Homey’s fisheries operations – including long-distance fishing in international waters – contributed a profit margin of only 1.49 percent. Fishing contributed 17.4 percent of revenue at CNY 87.8 million (USD 12.8 million, EUR 11.9 million). This relatively poor performance should be interesting to the numerous Chinese corporations, which have piled into “distance fishing” in recent years. It will also likely be noted by the government, which has subsidized fleets in hopes of growing China’s share of the international catch while conserving exhausted domestic sea resources.
Aquaculture, likewise, contributed the largest margins at Baiyang Investment Co., China’s top exporter of tilapia. Baiyang registered 15.7 percent of its profit margin from aquaculture – higher than feed (12.64 percent), which contributed the second-highest margin.

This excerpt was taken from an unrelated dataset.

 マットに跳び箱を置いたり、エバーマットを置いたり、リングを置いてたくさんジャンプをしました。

Processing contributed the lowest profit margin at 8.68 percent, while the firm’s newer “biological by-products” division (it makes health- and beauty-related products out of aquatic byproducts and sea plants) contributed an 11.1 percent profit margin. Baiyang is hoping its new biological products wing would capitalize on growing Chinese consumer demand for personal care goods and cosmetics.

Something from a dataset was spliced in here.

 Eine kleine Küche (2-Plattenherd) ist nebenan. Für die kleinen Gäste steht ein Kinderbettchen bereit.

The biological products wing contributed revenue of CNY 125.4 million (USD 18.3 million, EUR 17 million) in the first half of 2016, which is small compared to the processing division, which contributed CNY 395.3 million (USD 57.5 million, EUR 53.5 million) or 46.05 percent of revenues, making it the biggest Baiyang division by revenue contribution. But the biggest percentage (46.42 percent) of the firm’s overall profits in the first six months of 2016 came from feed sales, which provided the second highest portion of company revenues at CNY 309.8 million (USD 45.1 million, EUR 41.9 million). Baiyang supplies aqua-feed to other firms and to aquaculture farmers across southern China.

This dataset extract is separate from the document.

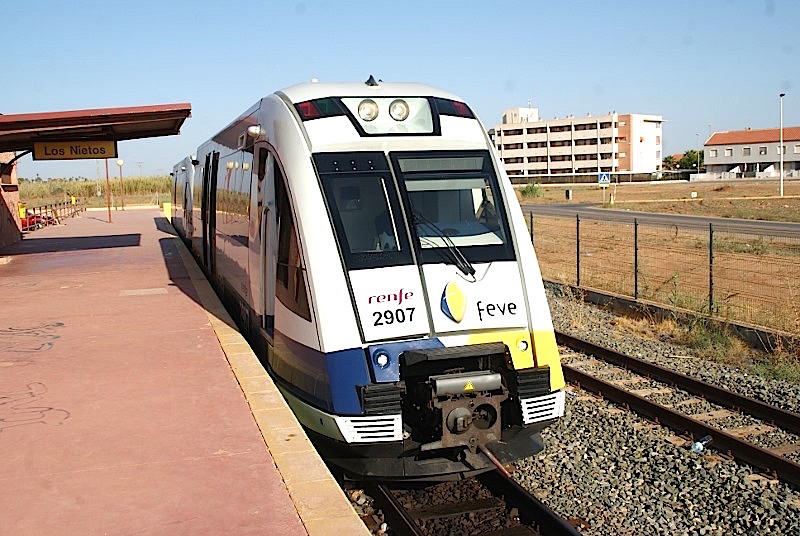 El 1 de enero de 1965, FEVE sustituyó a EFE en la explotación y clausuró definitivamente el servicio de mercancías. En 1972 llevó a cabo la necesaria transformación del ancho de vía a un metro, para equipararla al resto de su red. Asumió también la ya proyectada ampliación hasta Los Nietos, donde llegó en 1976. FEVE, ahora RENFE-FEVE, ha continuado con su explotación hasta el momento actual, sin que me deje de sorprender que ocurra así, al encontrarse en un zona aislada y alejada del resto de sus líneas. Y supongo, aunque puedo equivocarme- que lo hace ante la falta de interés de la Comunidad Murciana de asumirla, aún siendo un servicio de marcado interés social.

Despite making much of its expansion in distribution and trading of seafood globally, aquaculture continues to offer the best margins for ST Zoneco (also known in Mandarin as Zhangzidao) which has in recent years added to its scallop-farming business with large distribution operations. The firm reported a 32.4 percent margin on its aquaculture business in the first six months of 2016, compared to a margin of 6.2 percent on its seafood trading business. Trading contributed the highest percentage of revenues, at CNY 489.6 million (USD 71.3 million, EUR 66.2 million) compared to processing which contributed CNY 411.3 million (USD 59.9 million, EUR 55.6 million) and aquaculture which contributed CNY 402.4 million (USD 58.6 million, EUR 54.4 million).
The figures may well surprise some, given the influx of large Chinese industrial conglomerates and e-commerce firms into seafood importing and trading in recent years, chasing higher margins. Zoneco, however, will be disappointed at two newer divisions – logistics and leisure fishing – which are losing the firm money. Zoneco reported a negative margin of six percent on its logistics business and a negative 113 percent margin on its leisure fishing wing, which charters boats to take wealthy tourists fishing. Logistics contributed revenue of CNY 25.2 million (USD 3.7 million, EUR 3.4 million) while the leisure wing contributed revenue of CNY 1.4 million (USD 203,700, EUR 189,300).